The church was built in or around 1124 by Dodin, a Norman knight, on land granted to Kelso Abbey by King David I of Scotland. As originally built, the kirk consisted of the chancel, nave and square tower. The traditional pattern of an east–west axis was adopted. The original entrance on the south wall includes a particularly fine example of Scoto-Norman stone carving, with a round-topped doorway. Following the enlargement of the parish boundaries, the Prestonfield Aisle was added in 1631. This consists of a gallery, downstairs area and burial vaults were on the north side. In 1968 the kirk's interior was reconditioned, with the former pipe organ removed.

Given its proximity to central Edinburgh, Duddingston has long been a favourite location for many of the city's artists and professionals. The novelist Walter Scott was ordained an elder at Duddingston in 1806.

The kirk has also been used as a venue during the Edinburgh Festival Fringe.

==Ministers==

From 1805–1840 the minister was the painter John Thomson.

He was replaced in 1841 by James Macfarlane.

Other ministers include Charles Lumsden and Robert Monteith of Salmonet in the 17th century, and Robert Pollock in the 18th century.

==Stained glass==
The north triple window in the gallery, designed by Douglas Strachan, is dedicated to Joan Carfrae, wife of the security agency founder Allan Pinkerton.
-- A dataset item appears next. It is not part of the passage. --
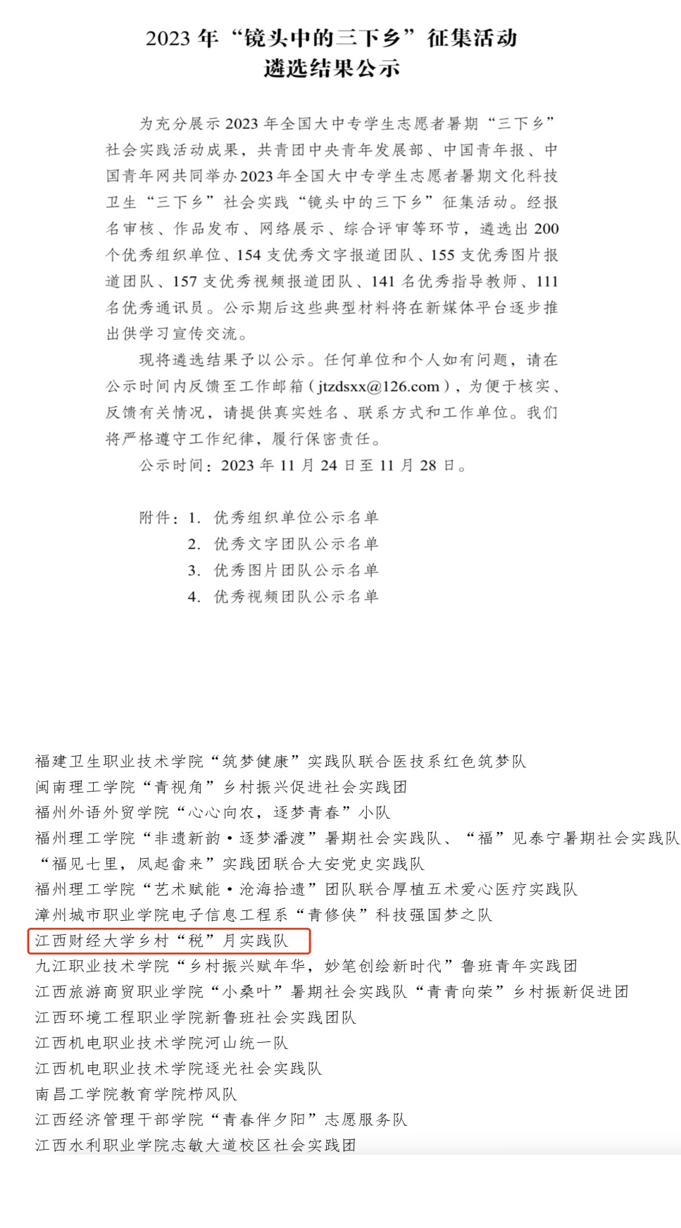 “镜头中的三下乡”活动启动后,共有千余所学校的数万支团队报名参与,活动组织方通过网络展示及专家评审,遴选出优秀组织单位200个、优秀文字报道团队154个、优秀图片报道团队155个、优秀视频报道团队157个、优秀指导教师141名、优秀通讯员111名。

The stained glass immediately east of the pulpit commemorates Stevenson Macadam, an elder in the church.

==Duddingston Kirkyard==
Notable burials and memorials include:

- William Dick-Cunyngham VC (memorial only)
- David Thomas Ker Drummond
- Benjamin Duff Dunbar (1808-1897)
- James Macfarlane
- Mackintosh MacKay (1792-1873) Moderator of the General Assembly of the Free Church of Scotland in 1849
- Thomas Meik engineer
- James Browne LLD is apparently in the base of the church tower.